The results presented herein indicate that VT-287 is a stable nano-formulation that is able to transport and deliver Irinotecan in its active form. The physical properties of VT-287, we believe, prevent aggregation in solution, and the novel idea of coating the nanoparticle with positively charged lysine facilitates interaction with specific cell-surface receptors thus leading to targeted delivery and permeability in lungs .We have shown that VT-287 is able to penetrate the endothelial cells and deliver physiologically relevant concentration of Irinotecan to the intracellular compartment. This delivery and intracellular retention is enhanced in the presence of a magnet due to the presence of iron in VT-287. The in vivo studies that were carried out in two species (rodent and non-rodent) demonstrate that VT-287 is able to selectively target Irinotecan delivery to the lung, and result in a significantly higher concentration of the active metabolite SN-38 in the lung in both species. Further, we have also shown that under the influence of a magnet, there is improved retention of VT-287 in the lung, resulting in further enhancementof SN-38. Finally, we have demonstrated that the Irinotecan delivered via VT-287 is just as potent as Irinotecan in killing lung cancer cells, using cytotoxicity studies carried out with 4 different lung cancer cell lines. Taken together, our results strongly suggest that VT287 will be a potent, targeted, efficacious and safe therapy for lung cancer.
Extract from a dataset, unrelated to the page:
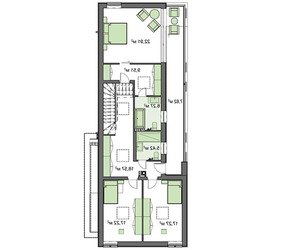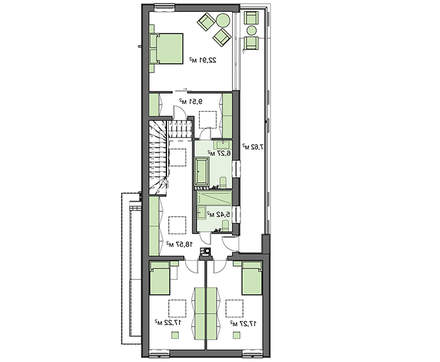 Второй этаж отдан под личную территорию членов семьи. Основную площадь занимают апартаменты хозяина повышенной комфортности. Здесь еще находятся две спальни одинаковой площади совмещенный санузел и просторный балкон.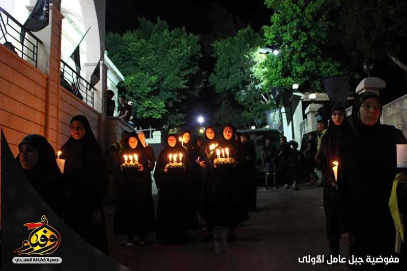 مسيرة شموع في فوج السيدة فاطمة (عليها السلام)/العباسية تأسيا بالسيدة زينب (عليها السلام) والسبايا.

Data presented herein is representative of how the nanoparticle of the invention can deliver therapeutic compounds to lungs. It is stated that the cytotoxic drug irinotecan is merely a representative example to establish the efficacy of the nanoparticle as delivery platform and it can be extended to other therapeutics and disease conditions as described in this specification The data is merely representative and cannot be construed to be limiting the invention in any way.